TASK OBJECTIVE:
Exclude all pictures from your copy of the data below, which should otherwise match exactly.

RECORDED DATA:
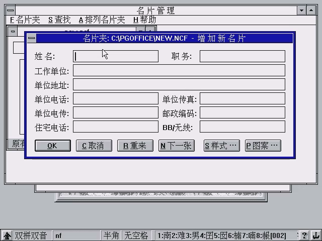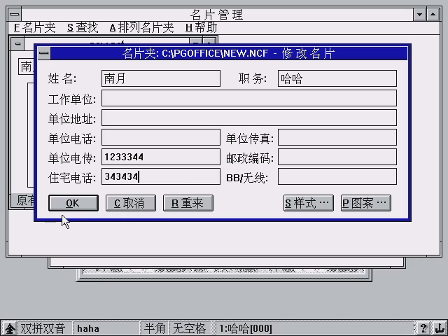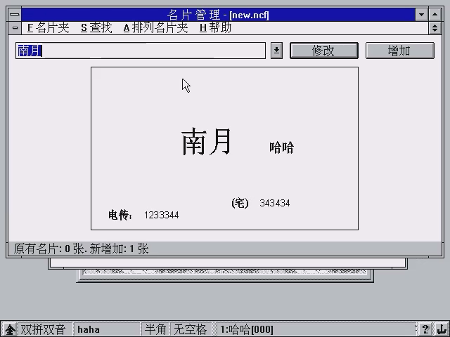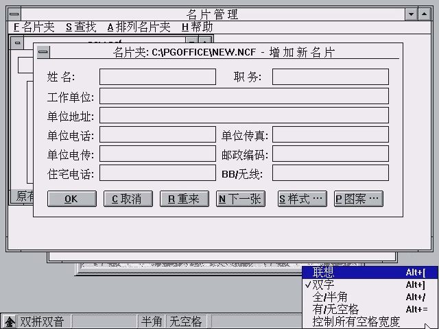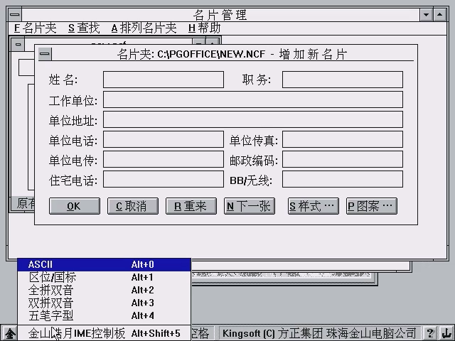 ▲名片可以填写的内容,以及,金山皓月的输入法,第一个是英文输入,后面四个是中文。
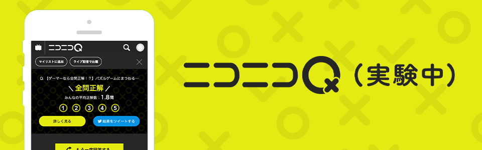 ニコニコにある様々な動画や生放送をお題に、みんなでクイズやアンケートを出して遊ぶことでより動画や生放送を楽しめるようになることを目指し、サービスや機能の実験を続けています。
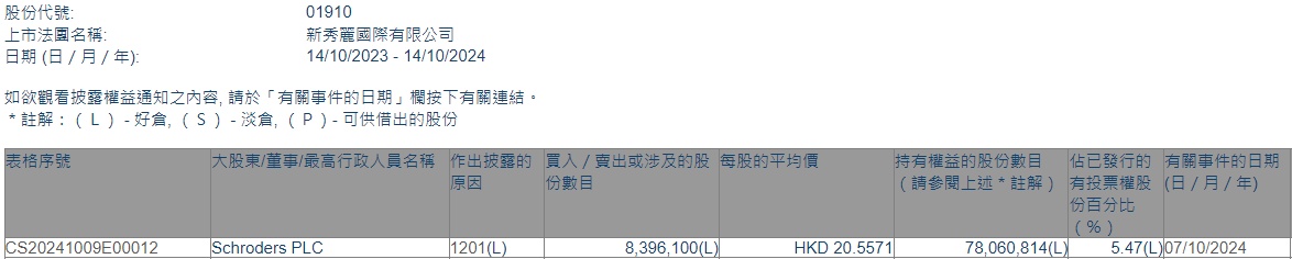 智通财经APP获悉,香港联交所最新资料显示,10月7日,施罗德减持新秀丽(01910)839.61万股,每股作价20.5571港元,总金额约为1.73亿港元。减持后最新持股数目约为7806.08万股,最新持股比例为5.47%。

TASK ANSWER:
 ▲名片可以填写的内容,以及,金山皓月的输入法,第一个是英文输入,后面四个是中文。
 ニコニコにある様々な動画や生放送をお題に、みんなでクイズやアンケートを出して遊ぶことでより動画や生放送を楽しめるようになることを目指し、サービスや機能の実験を続けています。
 智通财经APP获悉,香港联交所最新资料显示,10月7日,施罗德减持新秀丽(01910)839.61万股,每股作价20.5571港元,总金额约为1.73亿港元。减持后最新持股数目约为7806.08万股,最新持股比例为5.47%。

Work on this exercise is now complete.